Learn more about why your Open Rate might be artificially inflated.

Maybe you’re planning email marketing goals for the year. Maybe you just launched your first newsletter. You know Open Rate is important. It tells you how many people are opening your emails. Click-to-Open Rate too. That shows how many readers are engaged with your content. These metrics help measure quantitative success for your email marketing efforts.

But what if they’re not accurate?

You may or may not remember Apple Mail Privacy Protection (MPP), or your newsletter may not have existed when it was announced, but it rolled out ~September 2021 alongside the iOS 15 update.

Currently, ~64% of email opens are coming from Apple, and of that ~59.53% have Apple MPP-enabled, according to Litmus.
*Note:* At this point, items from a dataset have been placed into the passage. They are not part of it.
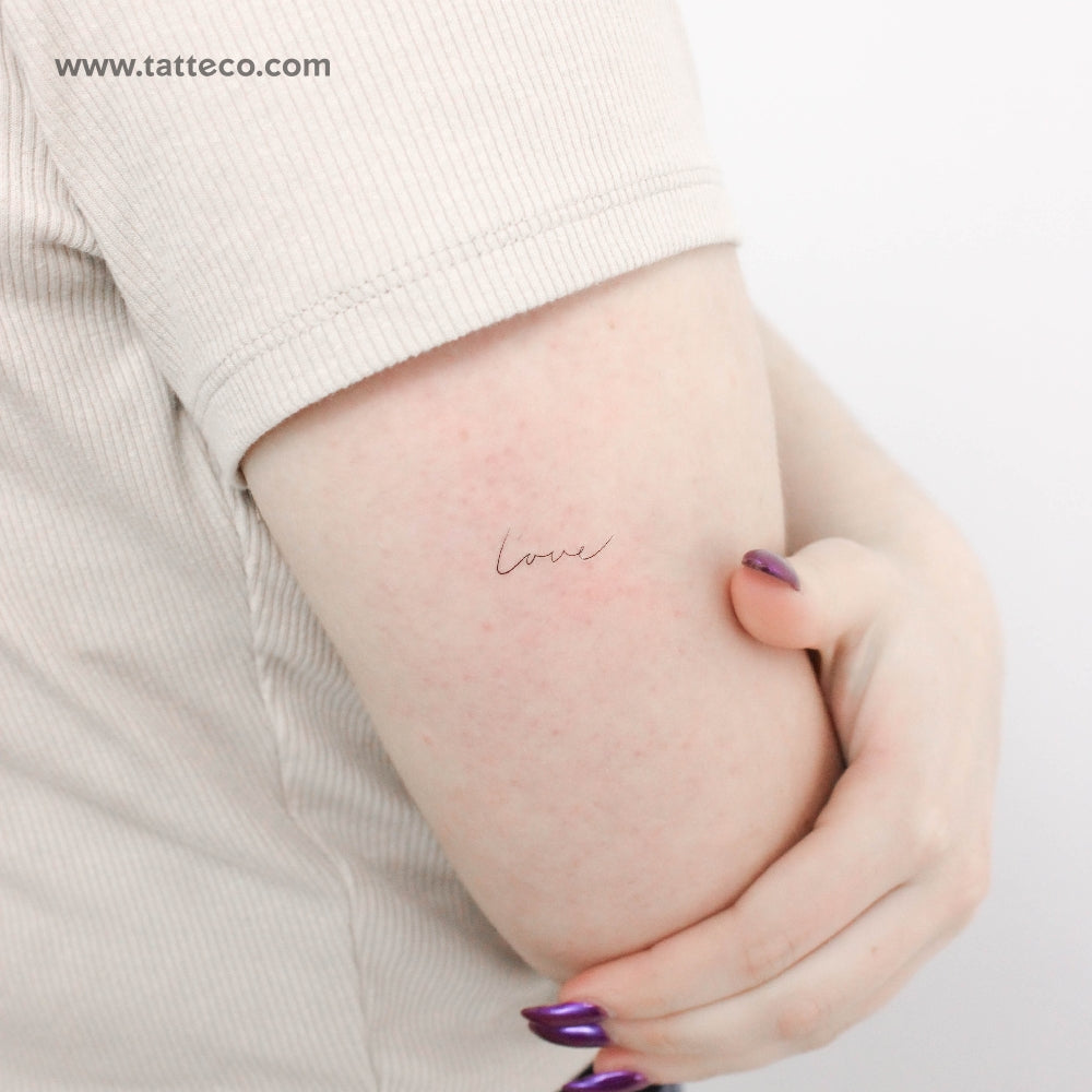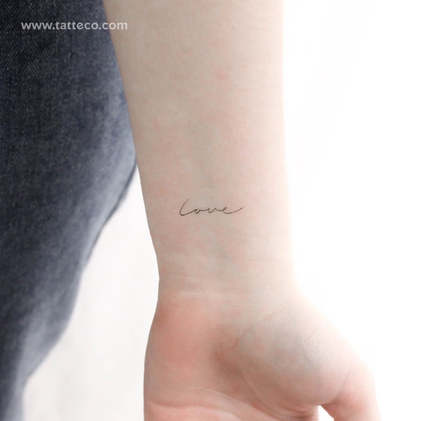The word "love" is perhaps the most versatile in the English language. It can be used to express everything from the most tender of emotions to the most profound of spiritual connections. As a result, it is not surprising that so many people choose to get this word tattooed on their skin. Our handwritten ‘love’ temporary tattoo provides the best way to try out this concept before getting inked.
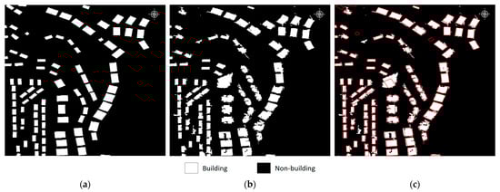 Segmentation results of the OBIA in Area 3. (a) Ground truth; (b) classification result with OBIA; (c) comparison with ground truth.
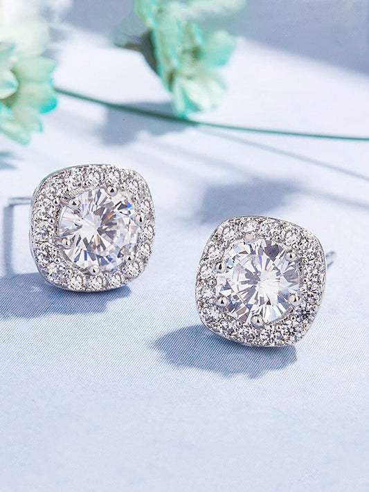 Crystal Earrings for Women Silver Plated Crystal Studded Square Studs Earrings For Women and Girls
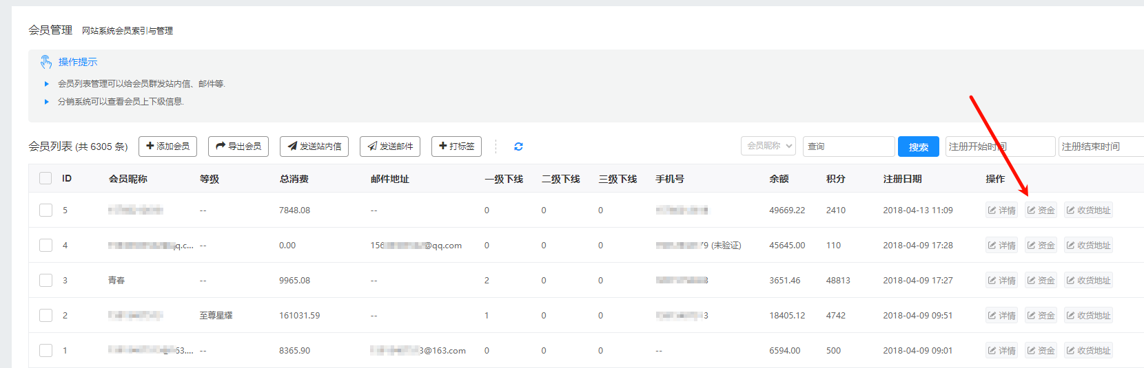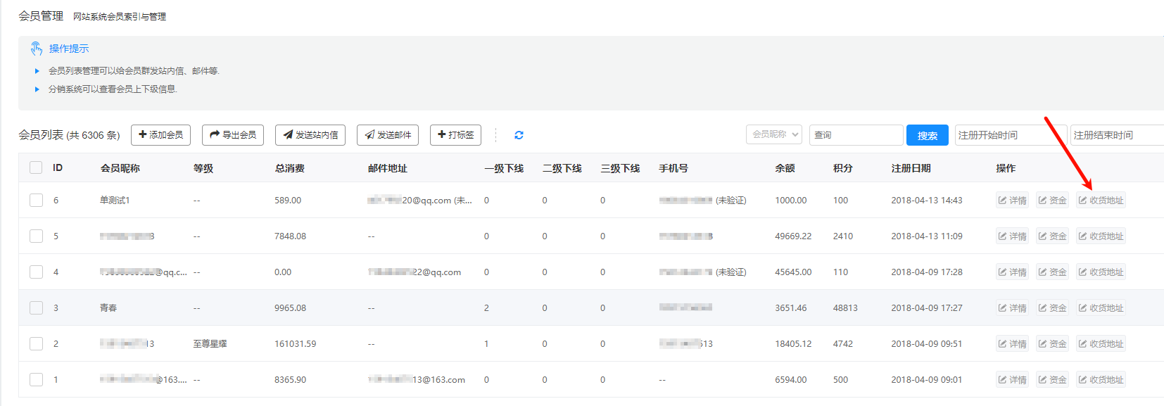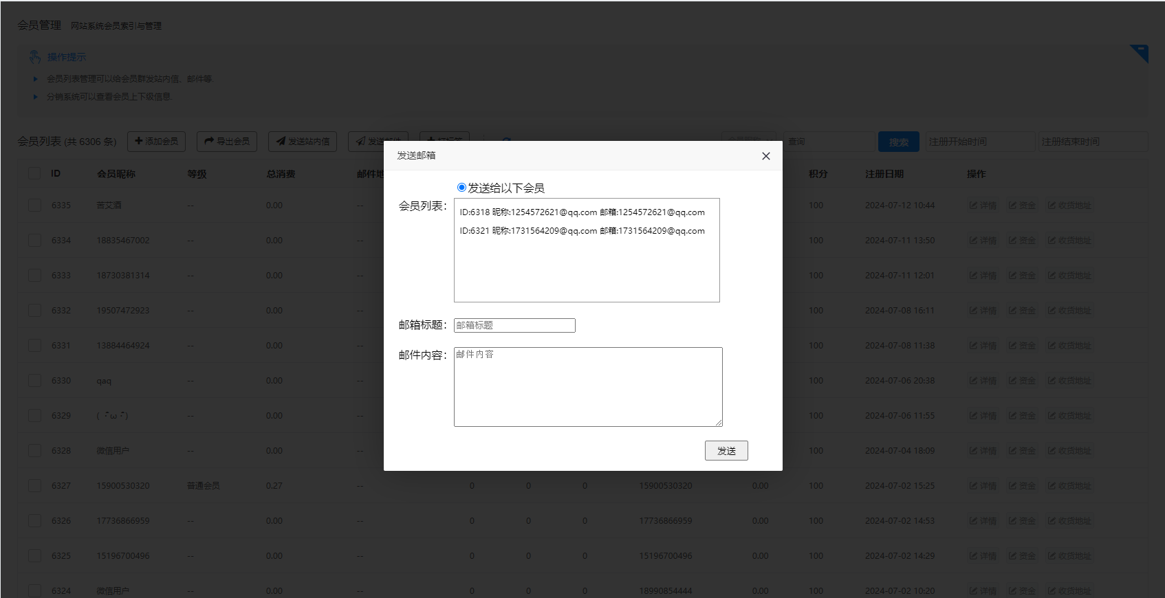 会员管理列表可添加会员,发送站内信,导出会员,发送邮件等.
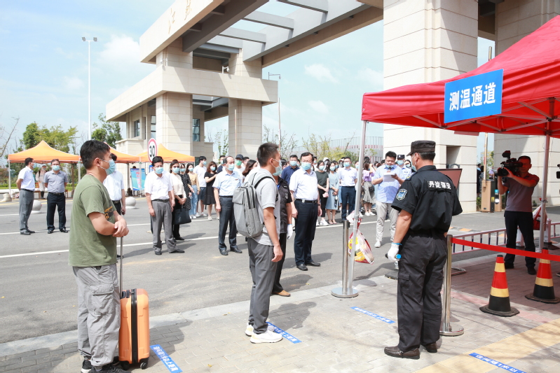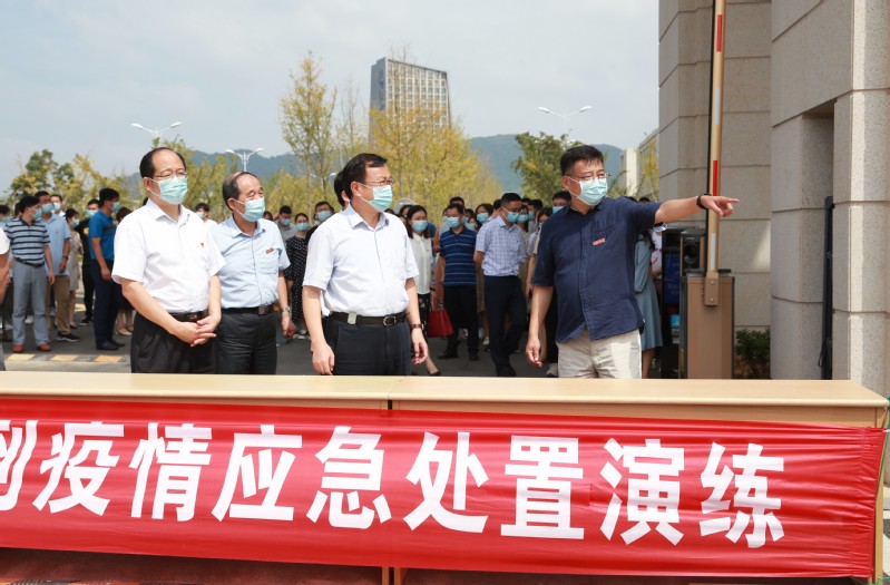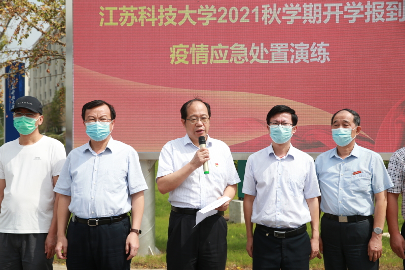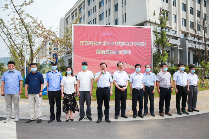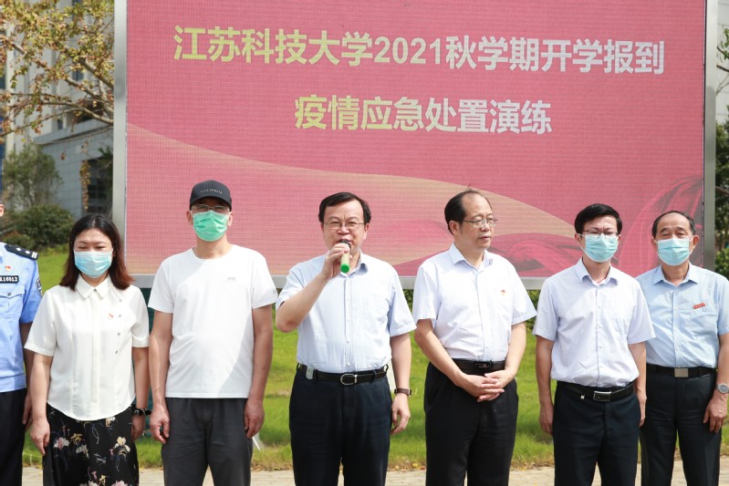 9月14日上午,江苏科技大学在长山校区开展2021年秋学期开学报到疫情应急处置演练。校长周南平宣布演练正式开始。校党委副书记许俊华,党委常委、宣传部长周春燕,相关职能部门以及各学院领导观摩演练,镇江市教育局、卫生监督所、派出所等有关人员现场指导,学生处副处长徐晶主持演练。
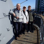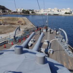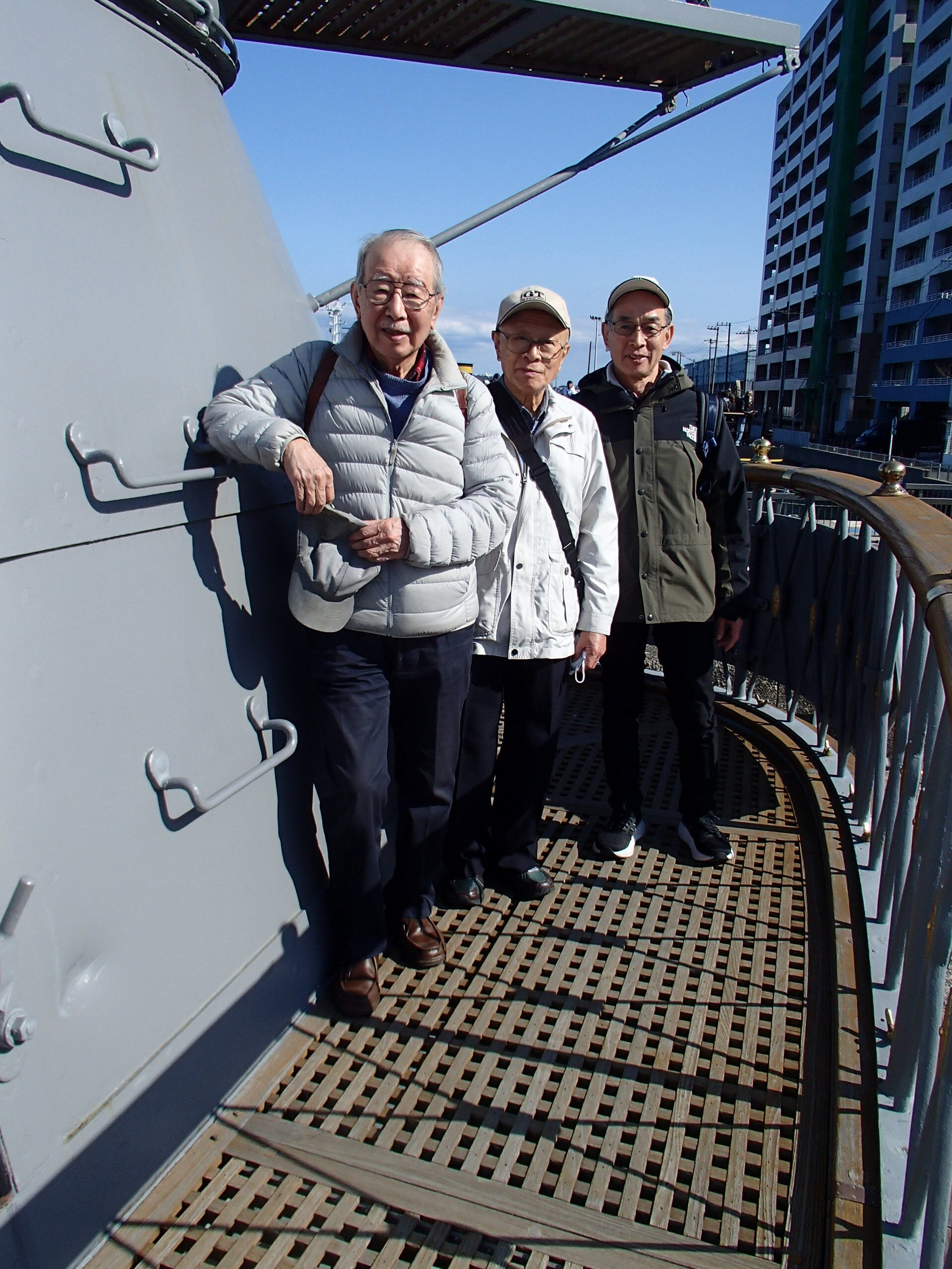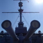 そして艦橋最上部に上がれば、そこは東郷平八郎司令長官や秋山真之参謀などが描かれた、あの有名な絵画の舞台です。私たちが訪れた横須賀の海は「本日天気晴朗にして波静か」。東郷司令長官、秋山参謀に加えて加藤参謀長、伊地知艦長の立ち位置には表示がありそこに立つことができます。ここから6kmほどの距離をおいて、ロシア艦隊との苛烈な砲撃戦の末に日本連合艦隊は圧勝します。明治38年5月27日から翌28日にかけてのことです。

This may not be the case for your subscriber base, but take comfort in knowing it is calculated from over 1.6 billion opens in Litmus Email Analytics in December 2022 post-Apple MPP launch – meaning it is a fairly accurate depiction of the general market.

In a nutshell, there's a high probability that ~two-thirds of your subscribers are Apple users creating inflated metrics. Meaning…

Your Open Rate is most likely inflated.

🍎 This is due to Apple MPP.

Most ESPs embed a tracking pixel into email sends, so when you send your newsletter or an email marketing campaign, a pixel automatically gets sent along with the email. This pixel sends information back to the ESP and generates information in your dashboards, such as Open Rate.  

Typically, data from an email was loaded only when the recipient opened the email and the images from the email were downloaded. This data includes the tracking pixel, which allows ESPs to detect that the email was opened, what device was used and where the subscriber was located when they opened the email.

If a subscriber has Apple MPP-enabled, Apple will preload the images and content of emails - including the pixel – regardless if the recipient actually opened the email or not. This means a subscriber could have a 100% Open Rate due to Apple preloading the emails and triggering the tracking pixel for each email.

The more subscribers with Apple MPP-enabled, the more likely your open rates are inflated. And based on Litmus’ analysis that ~two-thirds of email opens in December 2022 are coming from Apple, it’s likely this is impacting your metrics along with any workflows, subject line testing or emails based on Open Rate or Opens.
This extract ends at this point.